Tes PPPK 2022, Honorer K2 Teknis Administrasi Curiga hanya Janji Palsu Jelang Pemilu 2024
Ketua Forum Honorer K2 Provinsi Maluku Utara Said Amir. Foto dokumentasi pribadi for JPNN.com

jpnn.com, JAKARTA - Para honorer K2 teknis administrasi masih ragu dengan janji pemerintah untuk mengeluarkan kebijakan dalam rekrutmen PPPK 2022. Mereka curiga itu hanya janji karena menghadapi tahun politik.

Ketua Forum Honorer K2 Provinsi Maluku Utara Said Amir memberikan apresiasi kepada Menteri Pendayagunaan Aparatur Negara dan Reformasi Birokrasi (MenPAN-RB) Tjahjo Kumolo atas kebijakan khusus untuk honorer K2 di 2024.

Salah satunya kesempatan bagi tenaga teknis administrasi yang memenuhi persyaratan untuk ikut tes PPPK 2022.

Namun, Said curiga dengan kebijakan tersebut. Menurut dia honorer K2 akan kembali menjadi alat politik dalam Pemilu 2024.

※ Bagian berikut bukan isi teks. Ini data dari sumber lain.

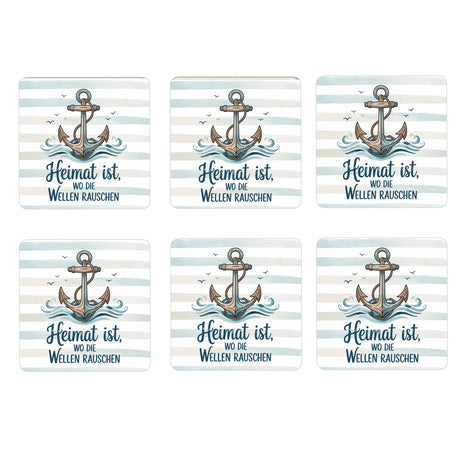 €9,95Grundpreis /Nicht verfügbarAuf LagerAnker 6er Set Untersetzer aus Holz - Heimat ist, wo Wellen rauschen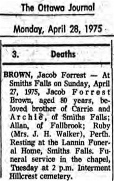Jacob Forest Brown died in Smiths Falls, Ontario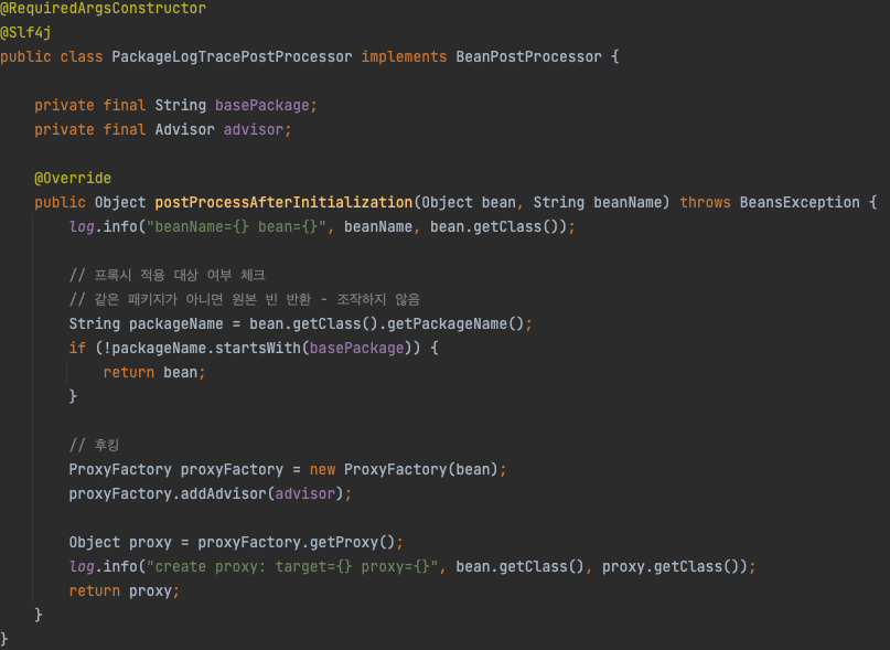 - 지정된 패키지에 존재하는 빈 객체라면 프록시를 생성해 이를 반환해 실제 빈 객체로 등록해주는 후킹 작업을 하는 빈 후처리기이다.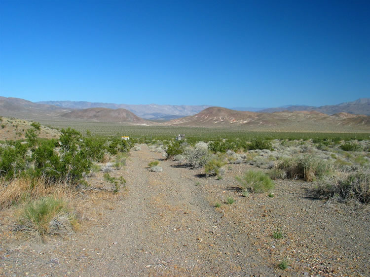 The dim two track that we've been following will soon enter the Naval Air Weapons Station at China Lake. You can just see the signs in the distance.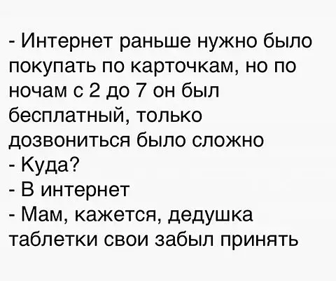 Зато можно было бесплатно хоть сутки сидеть, пока не ввели поминутную тарификацию домашних телефонов. Но вечные скандалы с соседом, с которым был спарен телефон помню хорошо. Я часами сидел в инете, соседка часами висела на телефоне, болтала с подругами.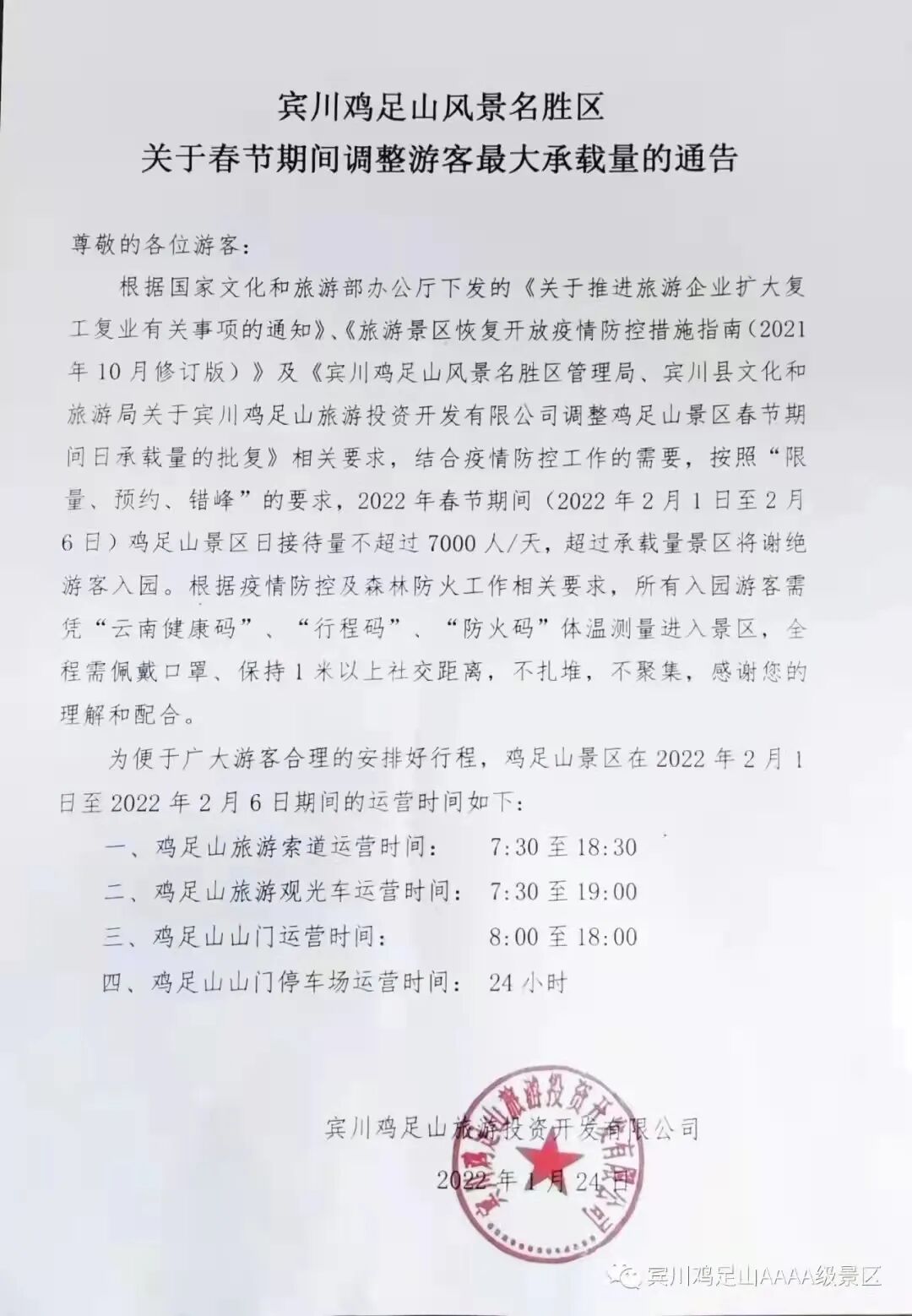 根据国家文化和旅游部办公厅下发的《关于推进旅游企业扩大复工复业有关事项的通知》、《旅游景区恢复开放疫情防控措施指南(2021年10月修订版)》及《宾川鸡足山风景名胜区管理局、宾川县文化和旅游局关于宾川鸡足山旅游投资开发有限公司调整鸡足山景区春节期间日承载量的批复》相关要求,结合疫情防控工作的需要,按照“限量、预约、错峰”的要求,2022年春节黄金周期间(2022年2月1日至2月6日)鸡足山景区日接待量不超过7000人/天,达到日最大承载量景区将停止接待游客。2022年2月1日12:00分,鸡足山景区已接近日接待最大承载量,根据疫情防控及森林防火工作相关要求,景区预计在 13 :00分停止销售当日景区门票并停止接待游客,请计划到鸡足山的游客合理安排行程,感谢您的理解和配合,由此给您带来不便,敬请谅解!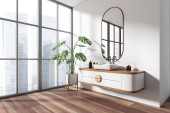 Zdjęcie "Drewniana szafka w pustym pokoju Muji, minimalistyczne wzory Japandi. Renderowanie 3D" może być wykorzystywane do celów osobistych i komercyjnych zgodnie z warunkami zakupionej licencji Royalty-free. Obraz jest dostępny do pobrania w jakości wysokiej rozdzielczości do 5760x3840.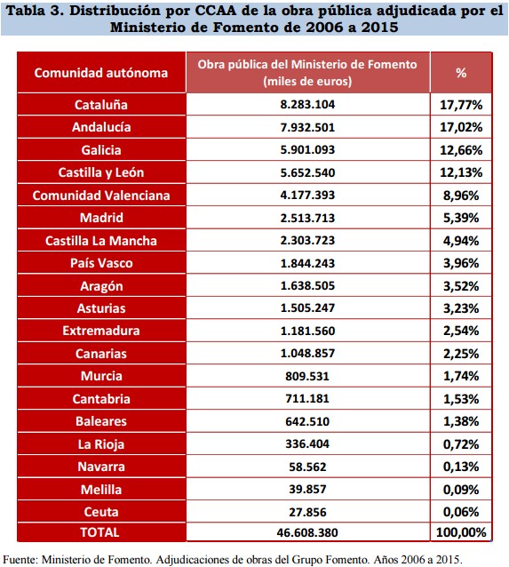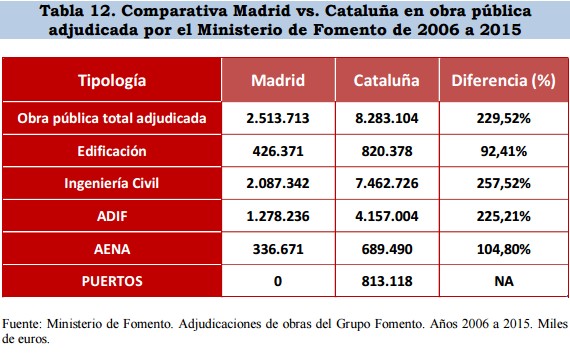 El informe, muy completo, analiza a dónde han ido a parar los 51.273 millones que Fomento y las empresas públicas asociadas (AENA, ADIF, Puertos del Estado…) han invertido de 2006 a 2015. De esta cifra, se pueden "territorializar" 46.608 millones. Pues bien, Cataluña ha recibido 8.283 millones, un 17,7% del total, la cantidad más elevada de las 17 autonomías. Sólo Andalucía, una región mucho más extensa y con 900.000 habitantes más, se sitúa cerca con un 17,2% del total. Mientras tanto, Madrid, tradicional centro de las iras del nacionalismo, sólo ha recibido 2.513 millones en estos diez años, apenas un 5,39% del total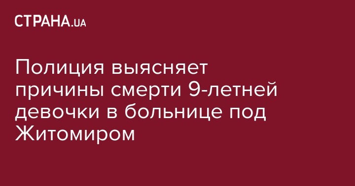 Правоохранители Житомирской области начали проверку по факту смерти 9-летней девочки в больнице.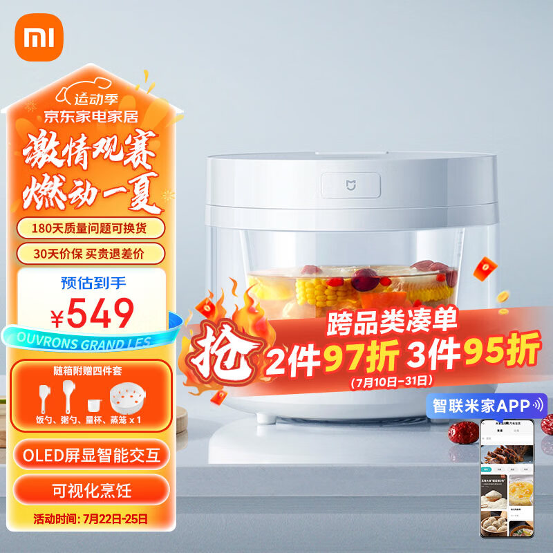 米家小米电饭煲家用3-4个人/5-8人 多功能电饭锅煮饭锅煮粥锅 无涂层玻璃内胆 蒸煮可视 大容量4升价格:549.00元!

"Jangan-jangan pemerintah mau bohongi honorer K2 lagi. 2022 kan waktunya mencari suara," kata Said kepada JPNN.com, Minggu (26/9).

Dia mengaku sudah mengetahui trik pemerintah untuk menggiring suara rakyat dan honorer menjadi makanan empuk. 

Dia tahu betul pemerintah maupun politikus mengetahui honorer punya massa untuk mendulang suara.

Apalagi, lanjutnya, ini bukan kali pertama honorer kena PHP (pemberi harapan palsu). Dalam dunia honorer, sudah bukan hal baru lagi sering dijadikan alat politik.

Honorer K2 teknis administrasi curiga janji pemerintah untuk memberikan kesempatan ikut tes PPPK 2022 hanya harapan palsu jelang pemilu 2024.